Blast radius analysis answers one question: "What happens if I do this?" — before the action is taken. It identifies every resource that will be affected, how severe the impact is, and what it will cost.
A Real-World Example
Consider a schedule called "Business Hours" that stops 15 EC2 instances and 2 resource groups (containing 8 more instances) every night at 7 PM and starts them at 7 AM. This saves 42% on compute costs — about $2,400/month.
When a user attempts to delete this schedule, the following occurs:
- A confirmation dialog appears: "Are you sure you want to delete Business Hours?"
- Inside the dialog, a "View Blast Radius" link is shown
- Clicking it opens the architecture canvas with the blast radius overlay
- The view shows:
- 15 resources marked as affected — they will run 24/7 without the schedule
- 2 resource groups (expandable to see 8 individual members)

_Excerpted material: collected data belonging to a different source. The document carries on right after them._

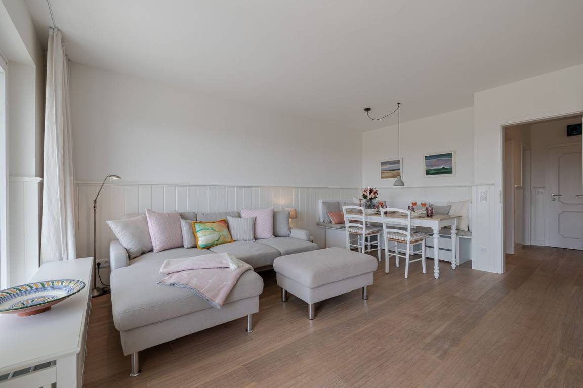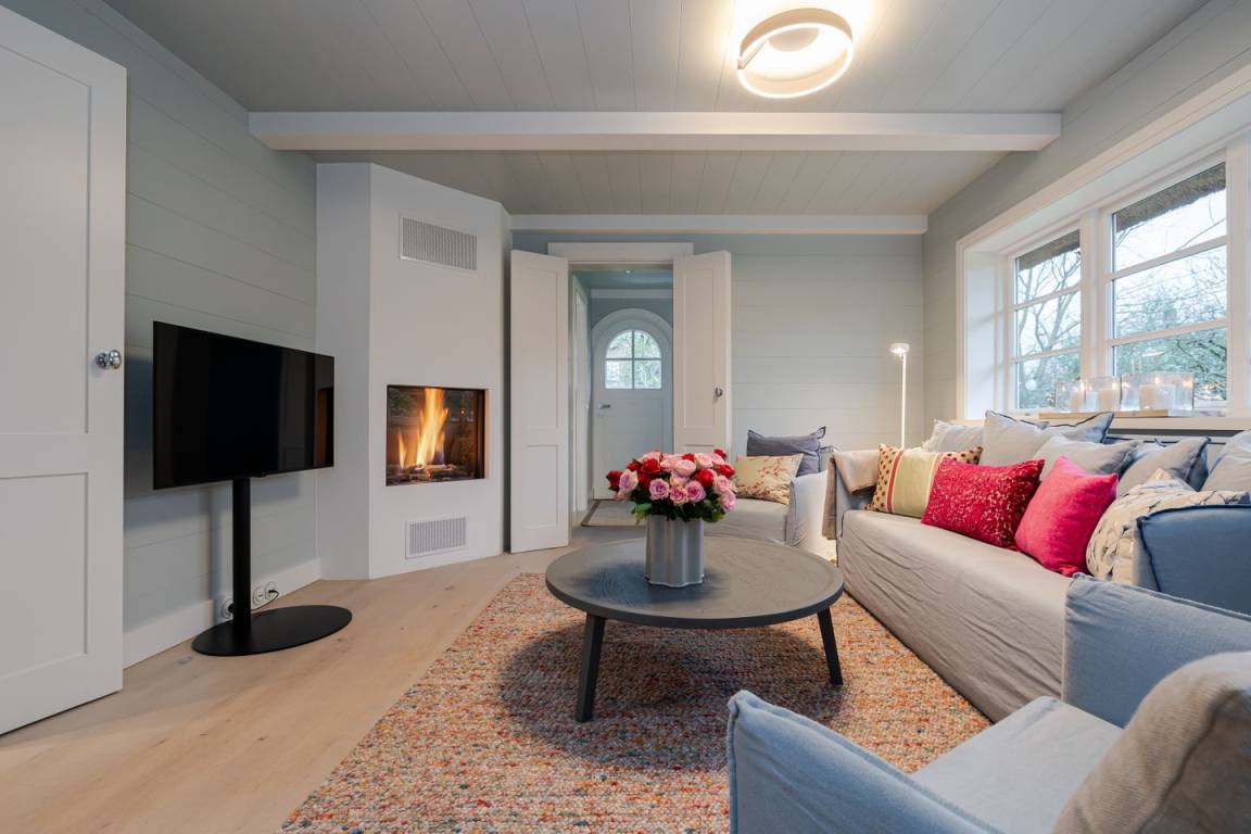 Sehr luxuriöse Ferienwohnung über zwei Etagen in einem Reetdachhaus mit großem Grundstück. Diese Ferienwohnung befindet sich in einem Reetdachhaus in ruhiger Lage im Süden von Tinnum auf der Insel Sylt. Die Ferienwohnung liegt im Süd/West-Flügel des Landhauses Treskersand und hat eine Wohnfläche von ungefähr 110 m². Im Erdgeschoss gibt es ein zusätzliches Gäste-WC.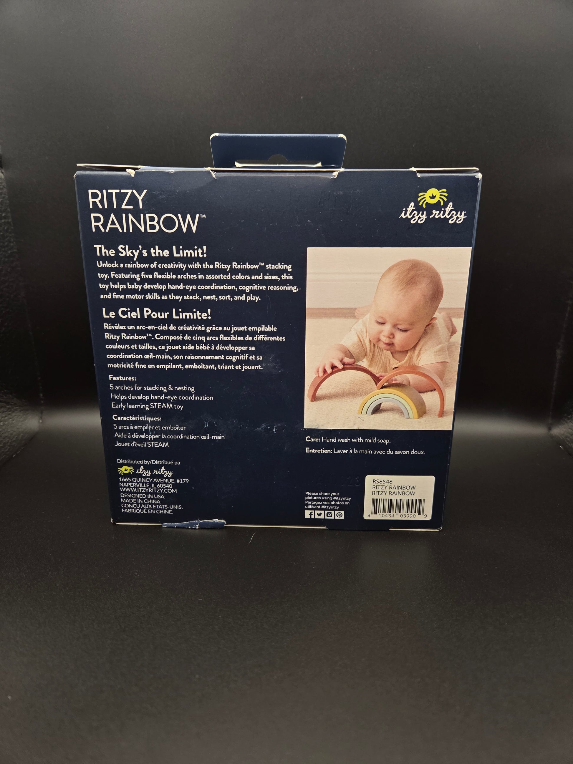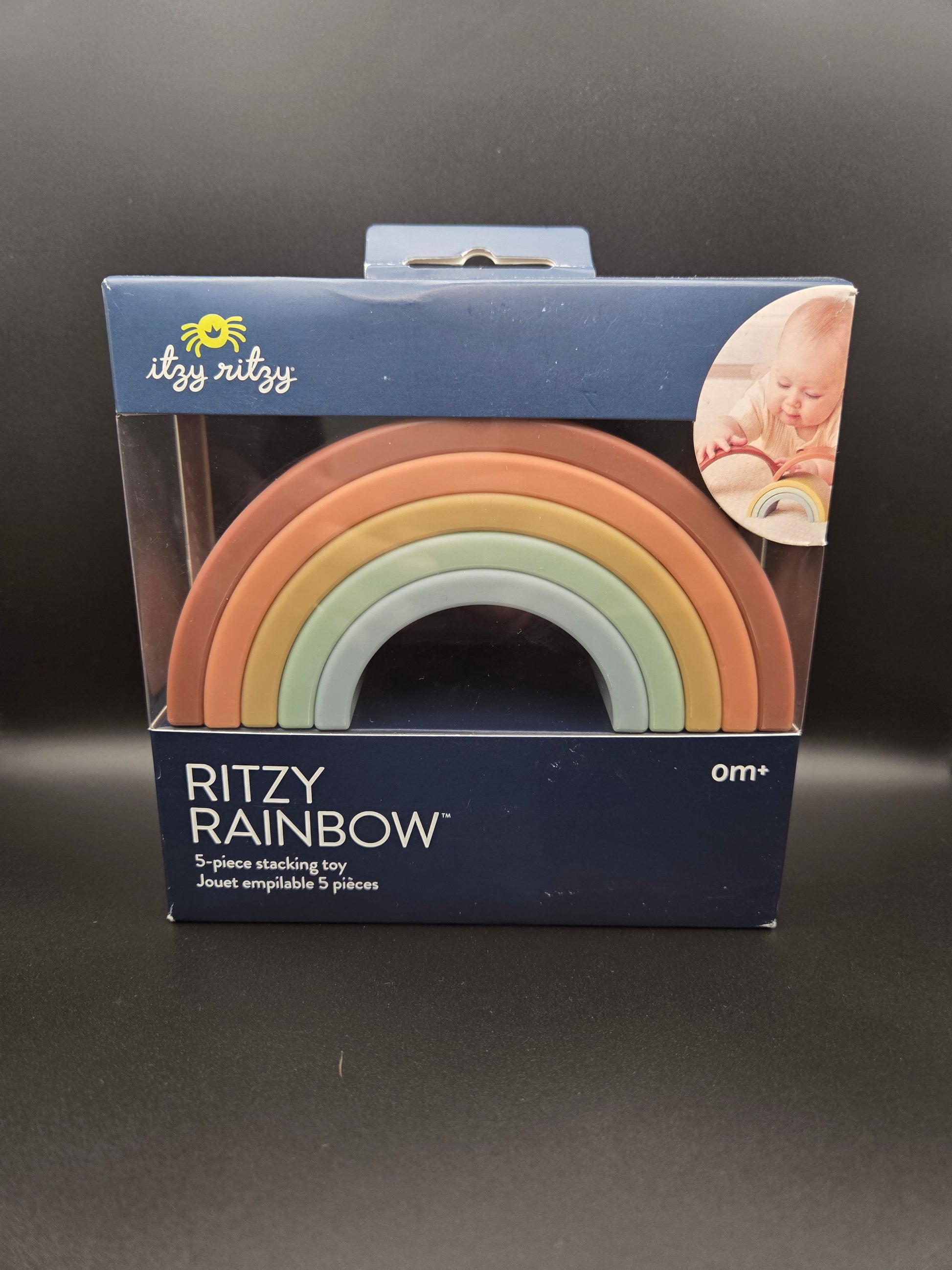 The Sky’s the Limit! Unlock a rainbow of creativity with the Ritzy Rainbow™ stacking toy. Featuring five flexible arches in assorted colors and sizes, this toy helps baby develop hand-eye coordination, cognitive reasoning, and fine motor skills as they stack, nest, sort, and play.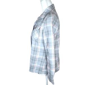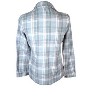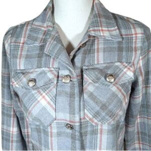 SHEIN GRAY, BLUE, & PINK PLAID FLANNEL SHIRT SZ.XS EUC.
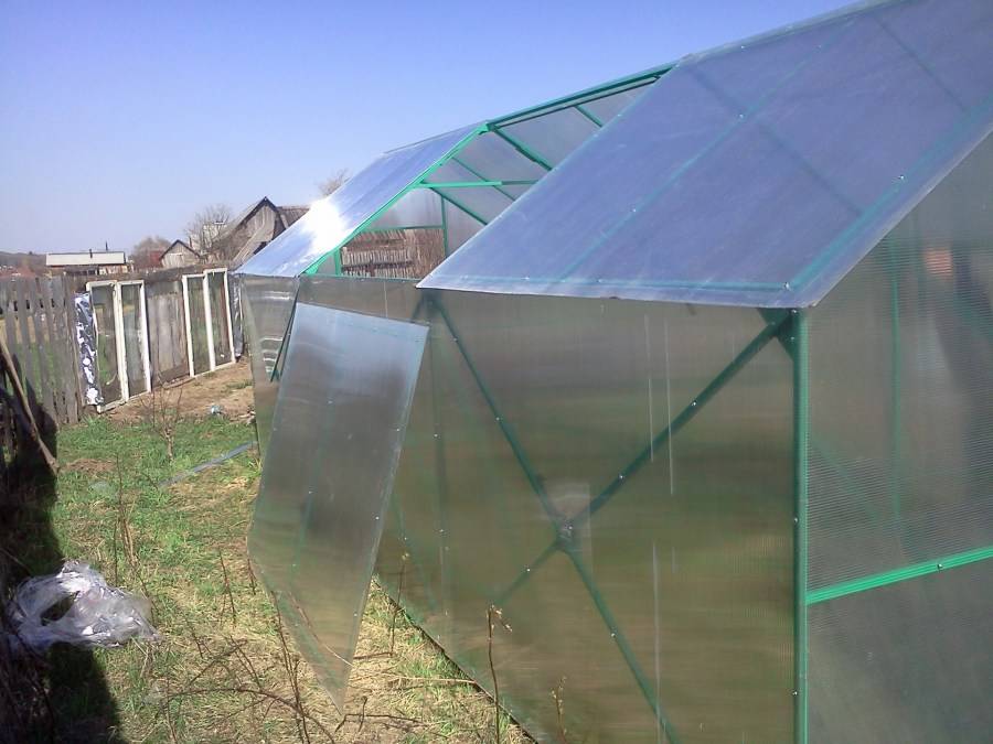 Накройте каркас будущей теплицы листами поликарбоната. Крепите листы с нахлестом 6 — 10 см или встык с помощью специального профиля. Чтобы сделать конструкцию более прочной и долговечной, соединения должны быть выполнены на несущем основании.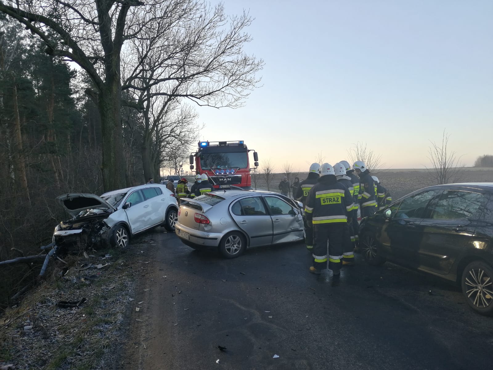 O godzinie 10:25 do Stanowiska Kierowania Komendanta Powiatowego w Ostrzeszowie, wpłynęło zgłoszenie o zdarzeniu drogowym w miejscowości Kotłów (gmina Mikstat), gdzie doszło do zderzenia czołowego dwóch samochodów osobowych. Na miejscu zdarzenia, po dokonaniu zabezpieczenia oraz rozpoznania strażacy udzielili kwalifikowanej pierwszej pomocy osobie poszkodowanej, którą następnie przekazali zespołowi ratownictwa medycznego, nie wymagała ona hospitalizacji.
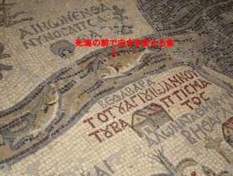 749年の地震で壊れ、今は10b×5bと小さくなったが、イスラエル・死海・ヨルダン川などが描かれている。ヨルダン川を死海に向かって泳いでいた魚が、塩分が濃いので、直前で戻ってしまう場面(左)が面白かった。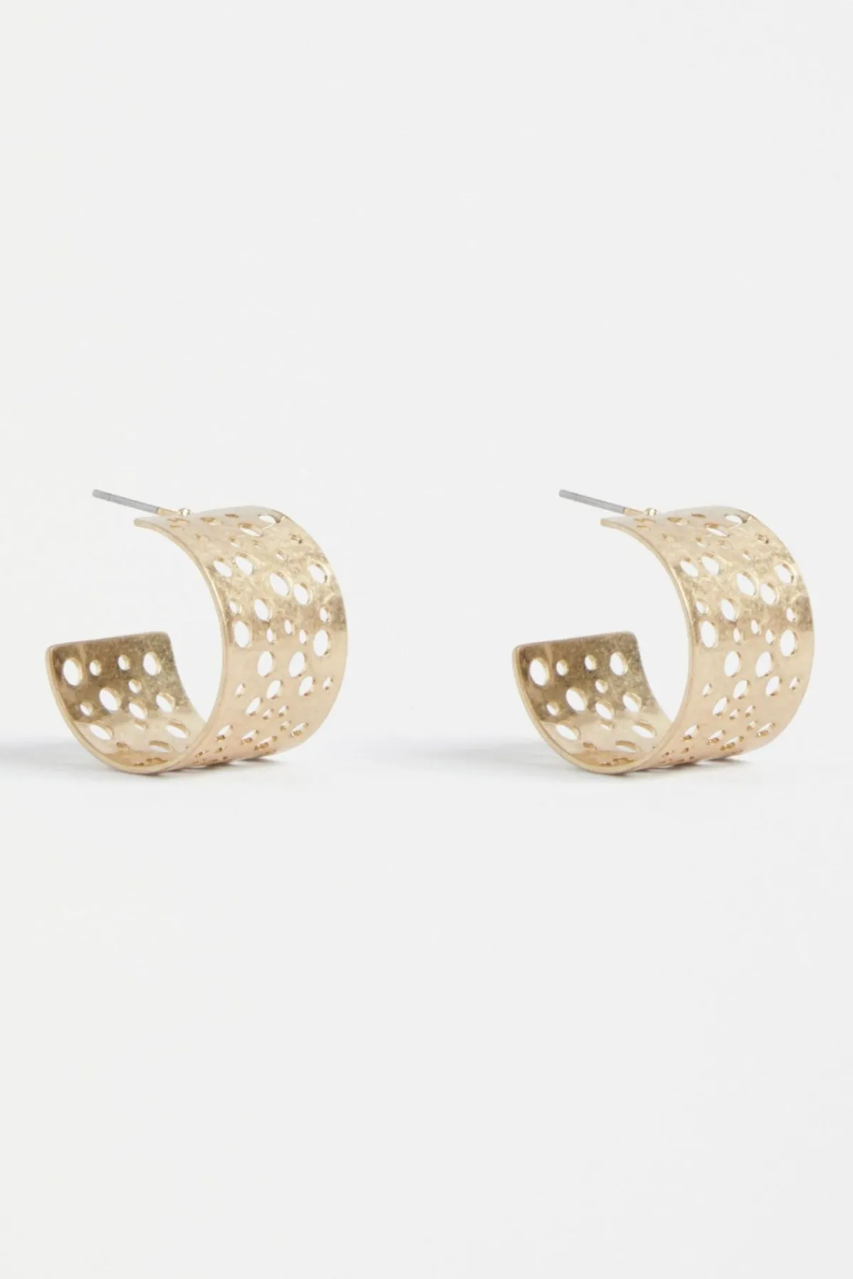The Hulle Tiny Hoop Earring. Crafted from metal with a unique punched design, the varying hole sizes bring texture and interest to the classic gold finish. With their worn-in feel, they’re a piece you can effortlessly add to any outfit, and trust that they will stand out on their own.

- A cost panel showing: 42% savings -> 0% with the message "Deleting this schedule removes all automated start/stop rules. Resources will run 24/7, losing 42% in savings."
- Per-resource cost breakdown showing each instance's monthly cost and projected loss
- The user reviews the impact, clicks "Back to Schedules", and decides not to delete
How It Works Under the Hood
ZopNight's discoverer service maintains a dependency graph of all resources across connected cloud accounts. This graph is built during resource discovery by analyzing relationships like "this load balancer routes traffic to these EC2 instances" or "this RDS database is accessed by these Lambda functions".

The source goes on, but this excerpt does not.